新曲『いのち燦々』リリース ふるさとへの思い込めた〝命の応援歌〟 大船渡出身の大沢桃子さん
令和7年9月11日付 7面

大船渡市出身の演歌シンガーソングライター・大沢桃子さんのニューシングル『いのち燦々』(税込み1500円)が、このほどリリースされた。同市の大規模林野火災で、消火や支援活動にあたる人々を思う中で生まれた〝命の応援歌〟で、ふるさとへの思いを楽曲に託す。(阿部仁志)
平成15年にメジャーデビューした大沢さん。「仲村つばき」名義で作詞・作曲を行い、数々の楽曲を手がけている。
東日本大震災の教訓「津波てんでんこ」を伝える楽曲『命の道』を合唱で広めるプロジェクトを展開し、陸前高田市米崎町の普門寺に奉納されている震災の犠牲者を追悼するつるし飾りを題材にした楽曲『ねがい桜』をリリースするなど、震災伝承やふるさとの応援にも力を入れる。
『いのち燦々』は25枚目のシングルCD。
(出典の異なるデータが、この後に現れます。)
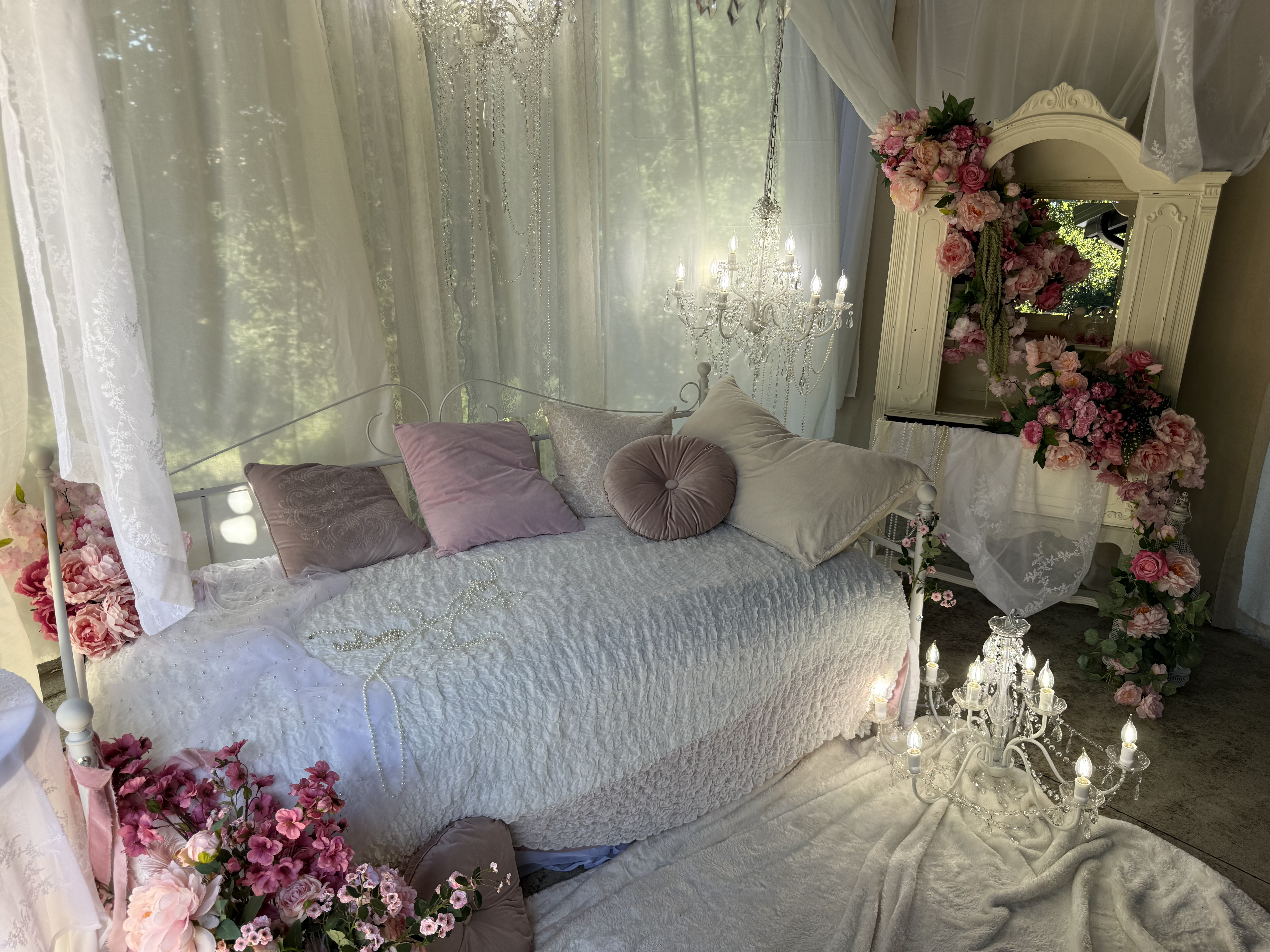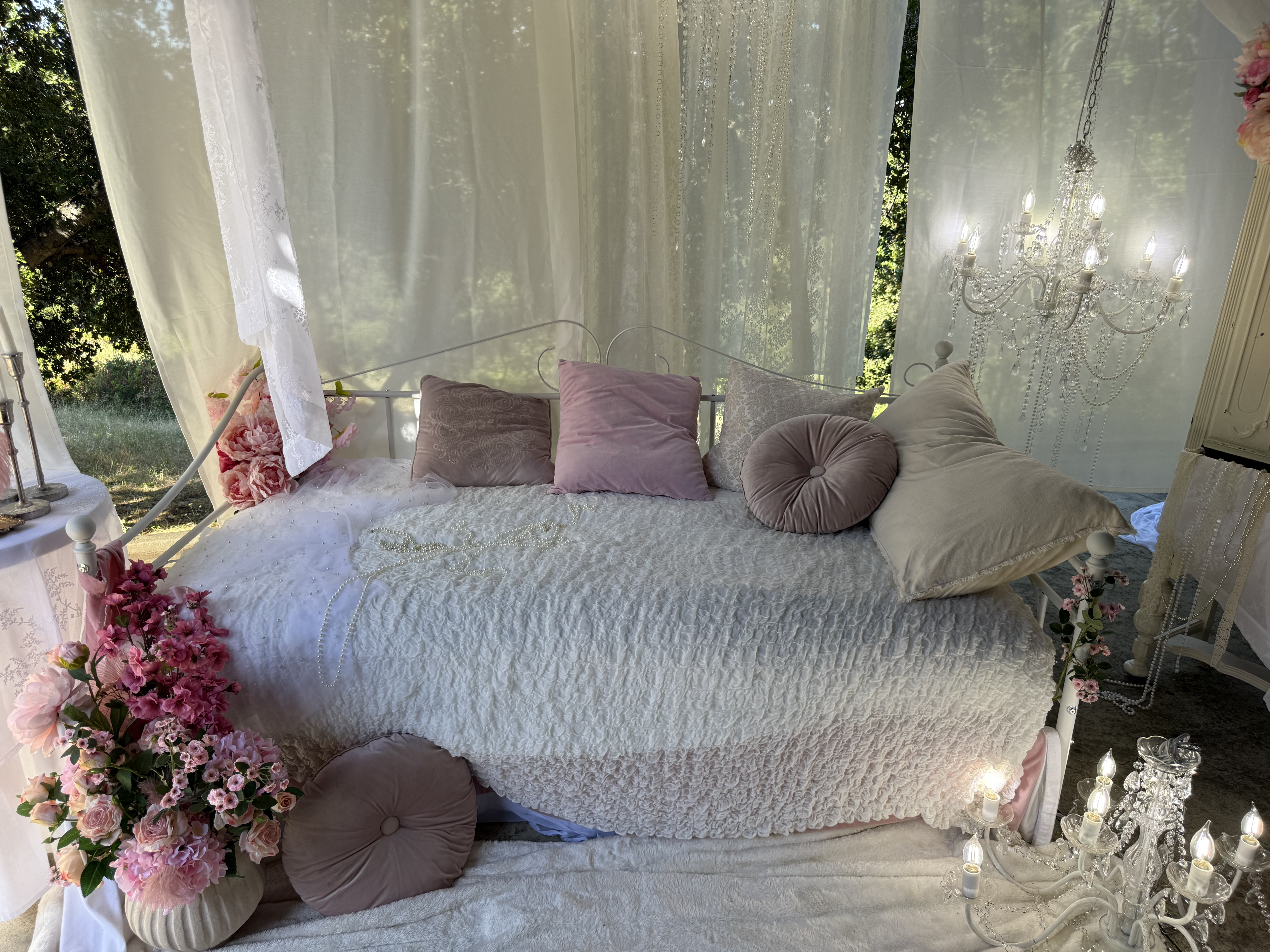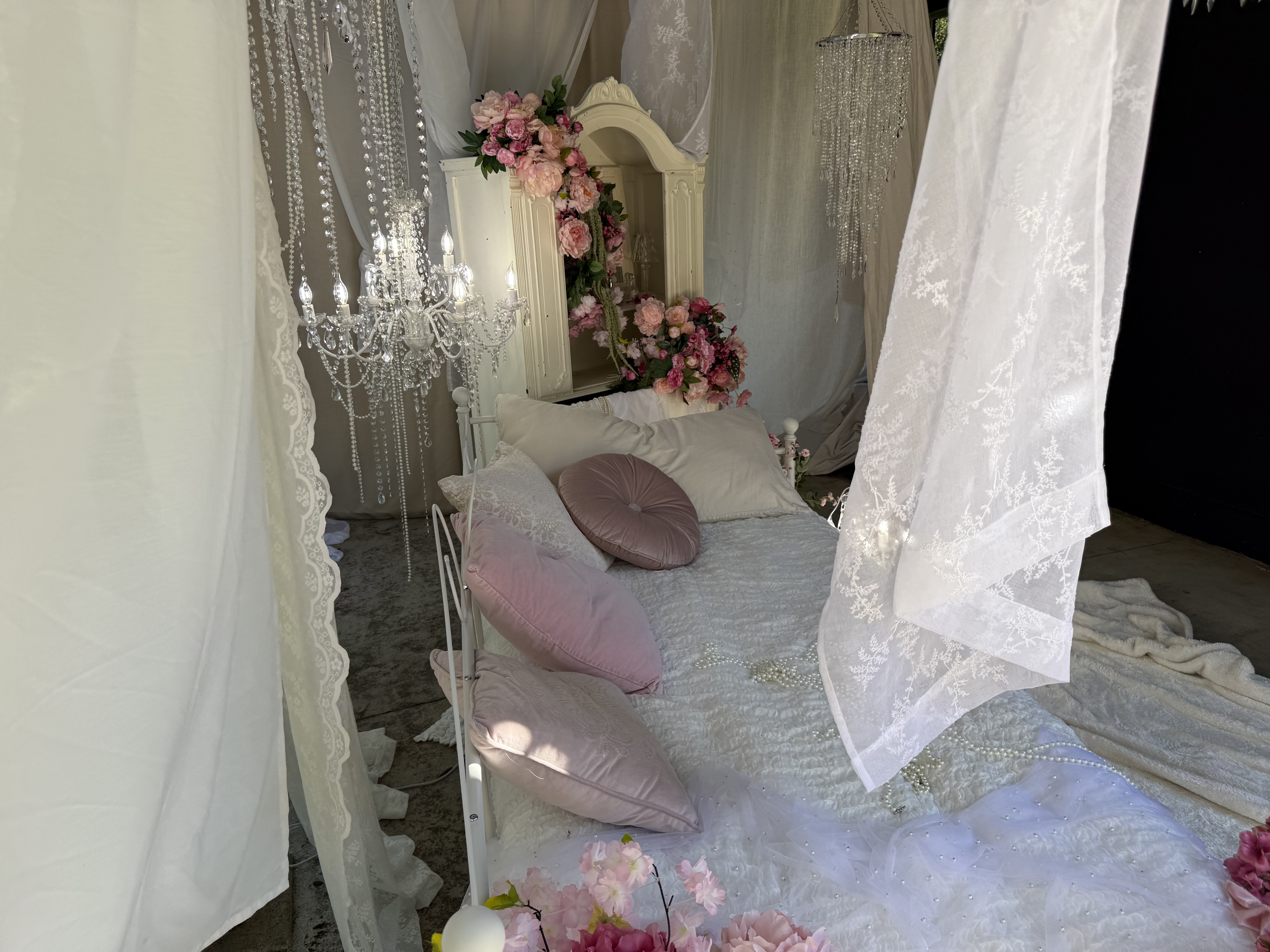 This outdoor set features sheer curtains and chandeliers, creating a feminine and romantic aesthetic. This location is great for intimate portraits, product shoots or content creation!

カップリング曲『生まれ変わってもう一度』も収めて、7月23日にリリースした。
曲の着想を得たのは、今年2月に大船渡市で林野火災が発生し、延焼拡大していたころ。出身地の赤崎町にも火の手が及んだ中、「曲制作の締め切りの2日前、テーマも何も決まってないところから、ふっと頭の中に歌が浮かび、一気に書き上げた。初めての感覚だった」と振り返る。
「命を懸けて 誰かを想う 胸熱く」「いのち燦々 行けばいい」──。歌詞には、生きとし生けるものの命のともしびや、全国から大船渡に駆けつけた消防、自衛隊員、支援者らから連想した言葉をちりばめた。壮大な響きの伴奏に、命を歌う大沢さんの熱のこもった旋律が重なる作品。
リリース後は各地で歌い、岩手では8月の「三陸・大船渡夏まつり」で初めて披露。大規模災害を乗り越えて前へ進む大船渡への〝応援歌〟として、力強く響かせた。
大沢さんは「どんなアーティストよりもふるさとを舞台に歌を数多く書いてきたという自負があるが、今回は、ふるさとが私に強いメッセージや力をくれた。ふるさとの皆さんに『いのち燦々』をそばに置いていただけたら、こんなに幸せなことはない。曲に込めた思いを全国の皆さんに届けられるよう頑張りたい」と次のステージを見据えていた。